Fear has always been the evolutionary factor that has helped humans stay safe. In today’s world, however, fear responses or phobias are more a hindrance than help. To overcome these phobias, accumulating scientific evidence shows that ‘mindfulness’ practice could help in unlearning the fear response.
A new study from researchers at the University of Southern Denmark, Uppsala University, Lund University, Peking University and Icahn School of Medicine at Mount Sinai, shows that mindfulness training facilitates extinction of conditioned fear reactions, producing lasting reductions in threat-related arousal responses.
The purpose of mindfulness is to help an individual focus on stimuli occurring in the present moment rather than the fear response. It is commonly believed that mindfulness can help people feel calmer, more serene and more motivated in their day-to-day lives. The findings of an increasing number of studies are now backing up that evidence, indicating that mindfulness practice can bring real benefits for physical and, especially, mental health.
This new study, published in Nature Scientific Reports, has suggested that if you start practising mindfulness, you will find it easier to unlearn your phobias and remain fear-free.
For the study, researchers recruited 26 healthy people and divided them randomly into two t groups.
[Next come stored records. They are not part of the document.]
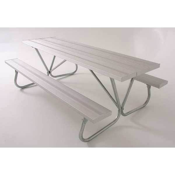 Picnic Table, Assembly Unassembled, Bench Coating/Finish Anodized, Bench Color Silver, Bench Depth 9 1/4 in, Bench Height 18 in, Bench Length 72 in, Bench Structural Material Aluminum, Frame Color Silver, Frame Diameter 1 5/8 in, Frame Finish Galvanized, Frame Material Steel, Includes Assembly Tools No, Includes Mounting Hardware No, Includes Umbrella Hole No, Mounting Location Portable, Number of Benches 2, Overall Diameter Not Applicable, Overall Height 30 in, Overall Length 72 in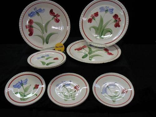 1940 BLUE RIDGE BY SOUTHERN POTTERIES inDUTCHin CANDLEWICK HND. PTD. INCLUDES (3) 9 3/8in PLATES (ALL W/RIM FLAKES), (4) IRIS SAUCERS, (2) SAUCERS (W/RIM CHIPS), (2) BREAD PLATES (1 W/EDGE CHIP), 11 PC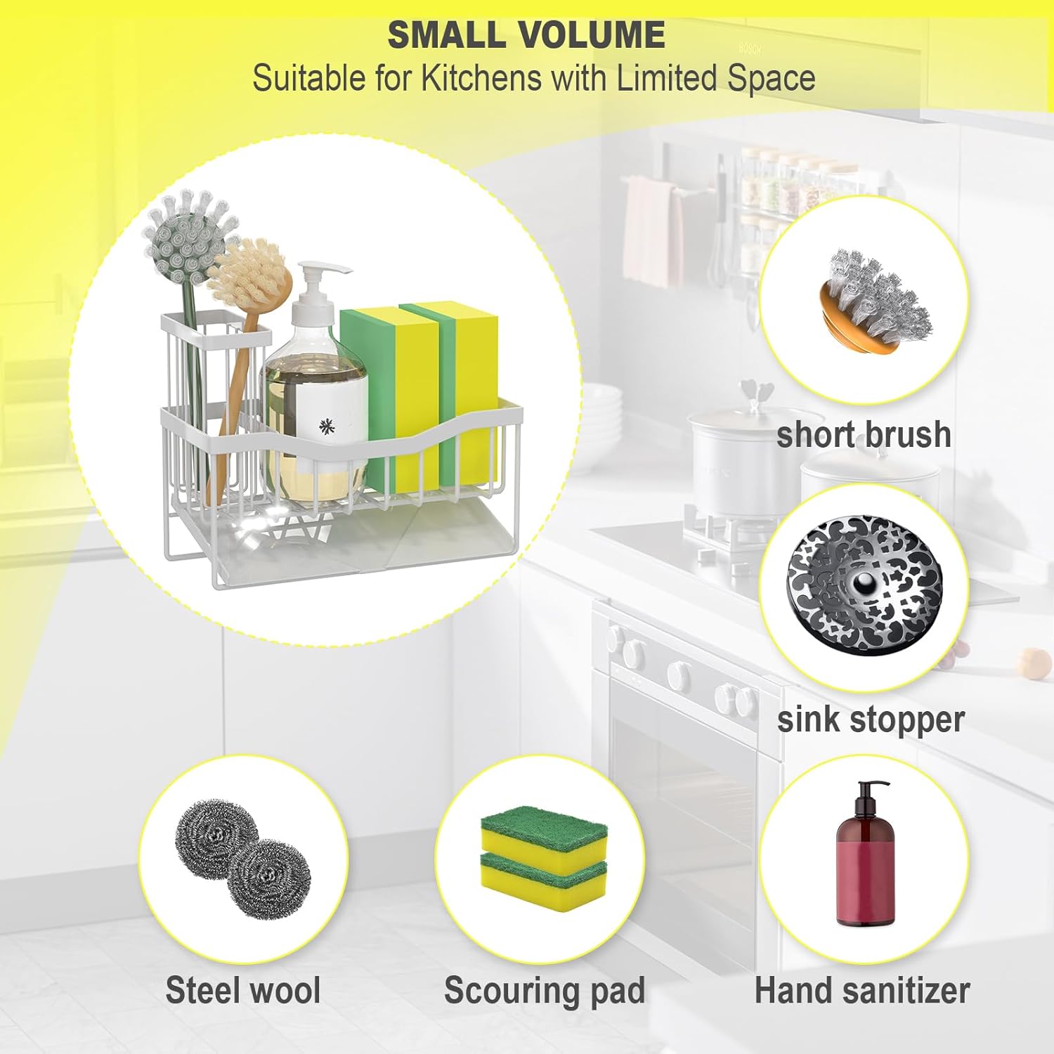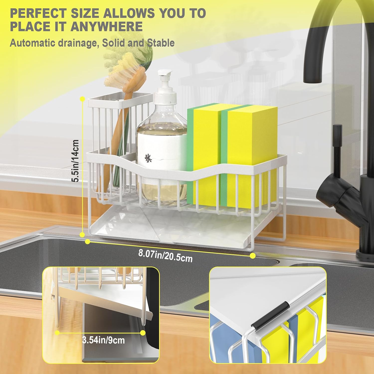 - ăSmall VolumeăKitchen sink organizer is suitable for kitchens with limited space. It measures only 8.10"*3.60"*5.50"and can hold a detergent bottle, 2 sponge balls or sink stopper. It fits neatly on your countertop near the sink without taking up too much space and make your kitchen look cleaner.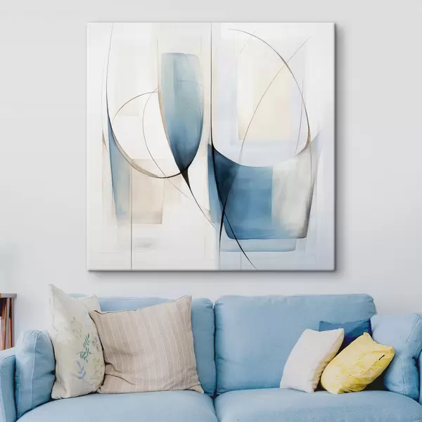 Peinture Composition abstraite et minimaliste composée de formes bleues et beiges Art. s48403

Participants from one group underwent a daily mindfulness session for four weeks through a popular app, while the other received no such session. After four weeks, all the participants had to undergo an experiment related to the fear response for a couple of days.
Initially, the participants learned a fear response by watching a slideshow of images. When a particular image came up on the screen, they also received mild electric shocks, to reinforce an association of unpleasant shocks with the images. Therefore, whenever a particular image came up, participants would experience increased sweating, a mark of the ‘fight or flight’ response.
Once this association was created among the participants, the researchers then proceeded to eliminate this reaction. They achieved this by repeatedly showing the participants the same set of images; but, this time, without delivering any electric shocks. They wanted to find out in which of the participants, if any, the unlearning of the fear response would stick, since fearful associations, typically, tend to return very quickly.
On a subsequent day, the investigators displayed the same slideshow of images to all the participants while having them hooked up to the device that they used to deliver shocks. But, this time, they did not deliver any shocks.
Results indicated that the participants, who had received mindfulness training earlier, did not experience a fear reaction when they viewed a photo with which they had earlier formed an unpleasant association. However, in the other group of participants, who had not received the same mindfulness training, the fear response made a comeback, as demonstrated by skin conductance measurements that assessed physiological markers of a psychological arousal.
“We can show that mindfulness does not only have an effect on subjective experiences of negative emotions, as has been shown previously, but that you can actual see clear effects on autonomic arousal responses, even with a limited amount of training,” explained Dr Johannes Björkstrand, lead author on the study.
Dr Björkstrand believes that adding mindfulness therapy to exposure therapy, which is typically used to help other overcome phobias, could boost its effectiveness.
“Our results suggest that, if you combine mindfulness training with exposure therapy, maybe you can achieve larger and longer lasting treatment effects. In this way, you could get at an underlying vulnerability factor and more people would respond to these treatments,” he explained. However, studies in clinical populations and actual treatment studies are needed before drawing any firm conclusions in this matter.
The researchers now want to move forward and investigate the underlying neurobiological mechanisms that are involved. “We are currently repeating the experiment with twice the number of participants, and the whole thing is carried out inside an fMRI (functional magnetic resonance imaging) scanner equipped with an extra strong electro-magnetic field so that we can measure their brain activity to a high degree of precision throughout all parts of the experiment,” said Prof Ulrich Krik, co-author of the study.
“We hope to show that the effect is robust and that we can replicate the current findings, and also say what processes in the brain are involved in producing these effects,” he added.